Les explosions répétées de très fortes charges de mélinite peuvent cependant causer des fissures et provoquer la chute de ménisques à l’intérieur de la voûte. Des voûtes en plein cintre de 2,50 d’épaisseur suffisent pour des portées de 5 mètres. L’épaisseur de 2 mètres suffit pour des portées de 3 mètres.
Il ne faut pas exposer de parois verticales, même en béton, au tir direct, car les matériaux désagrégés tombent et ne forment plus matelas protecteur.
Les murs de contrescarpe et en général tous les murs terrassés risquant d’être atteints par les projectiles doivent être protégés du côté exposé par un matelas de grosse rocaille de 3 à 4 mètres d’épaisseur. Les projectiles ne peuvent traverser ce matelas qui provoque leur éclatement et facilite l’expansion des gaz dans ses vides intérieurs.
Le béton armé
En 1897, on adopte un béton spécial dans l’intérieur duquel sont noyées des couches horizontales de barreaux en acier doux à section circulaire de 1cm de diamètre. Les couches sont à 15 ou 20 cm l’une de l’autre. Chacune d’elles est formée d’un quadrillage de 10cm environ de côté.
Ce béton présente une certaine élasticité que ne possède pas le précédent. Il ne se fissure pas sous le choc des projectiles à grande puissance explosive. Les effets obtenus ne s’ajoutent pas, ils sont absolument localisés. Il n’y a plus à craindre la séparation de gros ménisques à l’intérieur.

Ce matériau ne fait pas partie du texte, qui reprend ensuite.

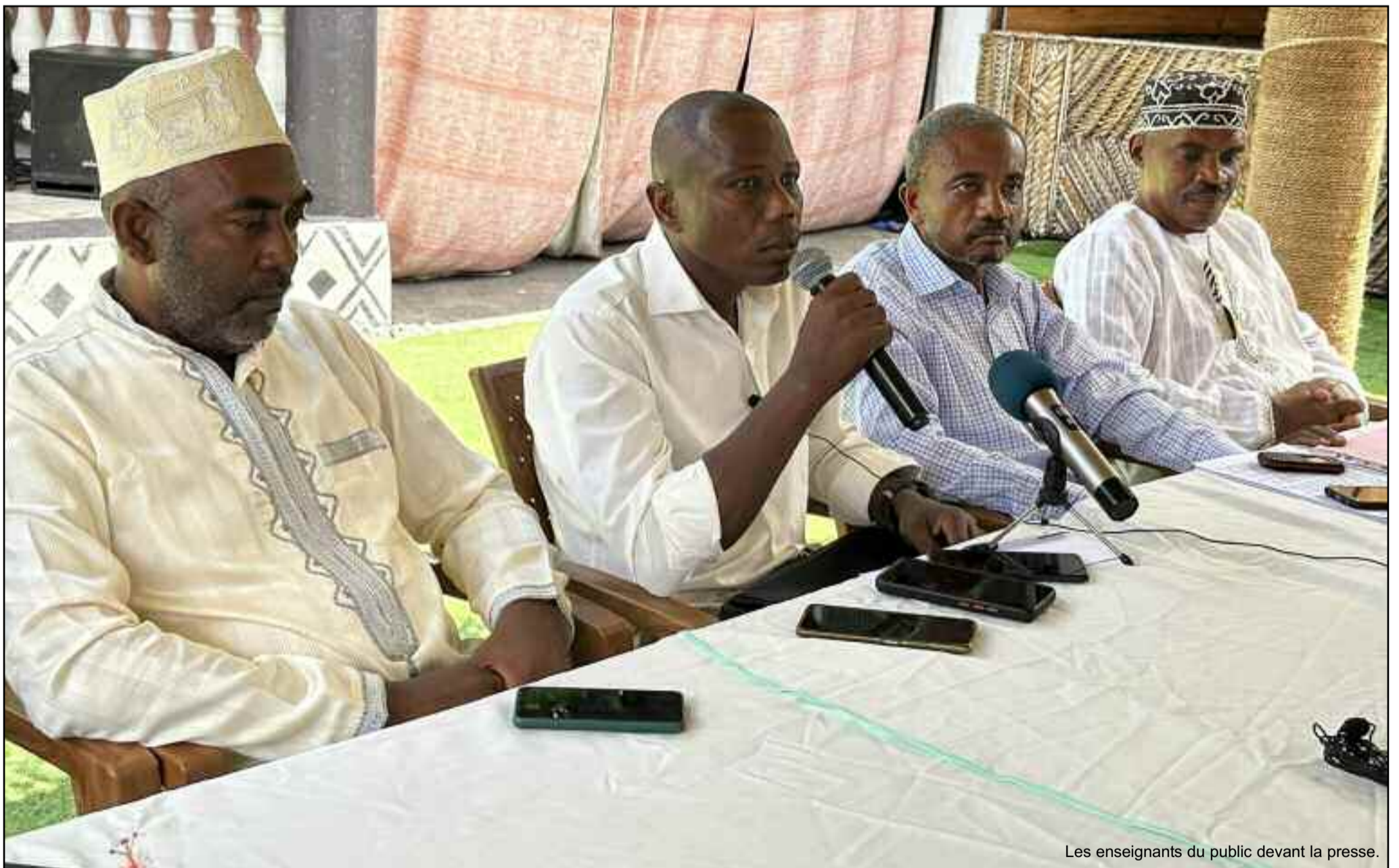
Les enseignants du public devant la presse.

Le bras de fer entre les enseignants du public et le gouvernement continue. Les enseignants refusent de reprendre les cours malgré la menace grandissante d'une année blanche. Preuve de leur inflexibilité, ils répètent à tout bout de champ que « la sour-
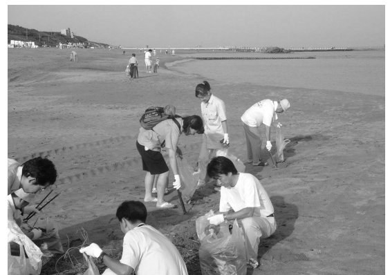
新潟港海岸(新潟県)
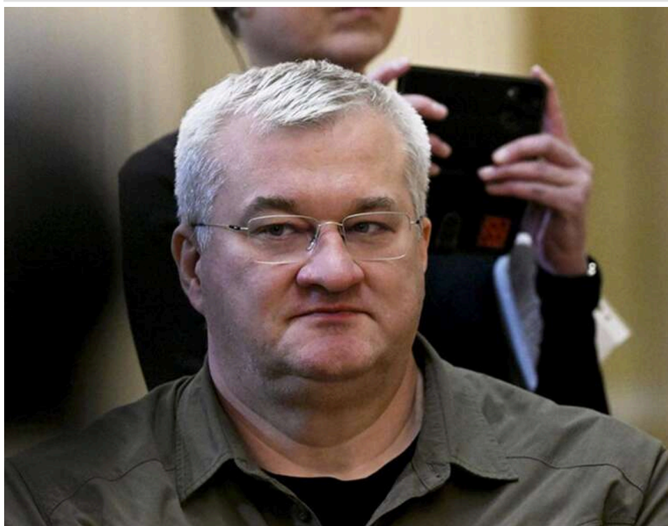
Сім масованих атак на місяць: Сибіга озвучив дані розвідки про нову тактику ракетно-дронового терору РФ

РФ готується провести масовані атаки на Україну 7 разів на місяць, – міністр закордонних справ України Андрій Сибіга.
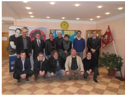
Soutěž klempířů ve Stochově

Soutěžící měli za úkol nejen teoretický test, ale hlavně praktický úkol: provedení drážkové krytiny na sedlové střeše se střešním prostupem (arkýřem) a oplechování plochy střechy, včetně štítového lemování a odvětraného hřebene.
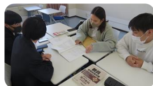
1・2年生の交流会の様子です！
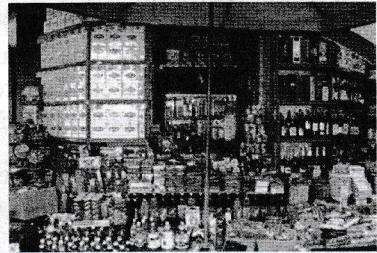
Bunuri variate pentru preferințe variate

Parcursirea acestei teme și rezolvarea testelor de autoevaluare de la sfârșitul ei vă vor asigura competențe care vă vor permite:
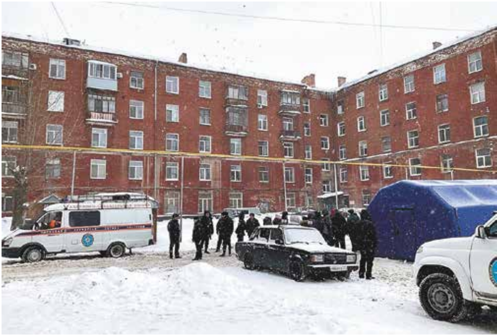
Пермская городская служба спасения

С 2 марта к охране здания приступила частная охранная компания. Это позволило организовать допуск жителей в свои квартиры, чтобы они могли забрать вещи первой необходимости. При поддержке районной администрации и волонтеров вещи некоторых собственников по их просьбе были вывезены на охраняемые склады или в места их временного проживания.
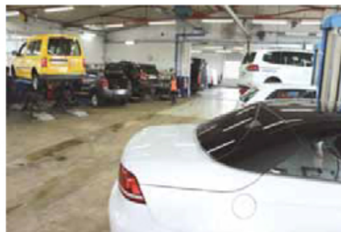
Un atelier spacieux et bien organisé
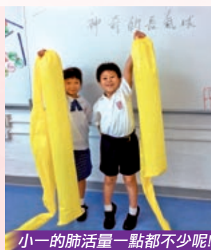
小一的肺活量一點都不少呢！

學生透過參與STEAM各項科學及科技探究活動，獲得寶貴經驗，培養出對科學的興趣及探究精神。除了日常課堂內的科學活動外，學生亦會參與「迦密小小電子工程師計劃」及STEAM專題式的「科學實驗室」活動。此外，我們讓學生進行產品設計，並連結於服務學習，深化對服務對象的關懷行動。
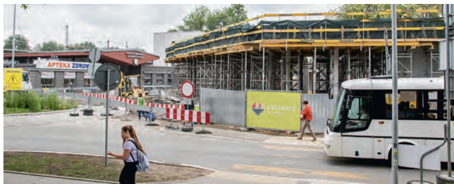
Prace na Ligocie są już bardzo zaawansowane

Koszt inwestycji to ponad 247,5 mln zł, z czego około 210 mln zł to dofinansowanie w ramach Programu Operacyjnego Infrastruktura i Środowisko. Przebudowa zostanie ukończona w 2020 r. O rozpoczęciu prac w terenie oraz zmianach w organizacji ruchu będziemy informowali z wyprzedzeniem.

Le béton armé, sous une épaisseur de 1m80, permet l’emploi de voûtes surbaissées au 1/10 pour des portées de 6m. Les voûtes peuvent être remplacées par des dalles pour des portées inférieures à 3m. L’épaisseur ne doit jamais descendre au-dessous de 1,2 m.
Le roc franc
Au cours de la première série d’expériences, on a constaté que 5 mètres d’épaisseur de roc vierge donnaient une protection aussi grande que 2,50 de béton spécial ou 1,80 de béton armé. Pour obtenir la même protection sous la terre ordinaire, il fallait un massif de 10 à 12 mètres d’épaisseur au moins. Certains ouvrages où la configuration du terrain le permettra seront construits sous roc pour des raisons économiques.
Ces différentes améliorations très coûteuses paralysent l’ouvrage pendant les travaux. Elles ne seront pas installées sur tout le système. Seuls les ouvrages prioritaires de première catégorie, certains ouvrages côtiers et quelques forts dans les Alpes bénéficieront de ces renforcements.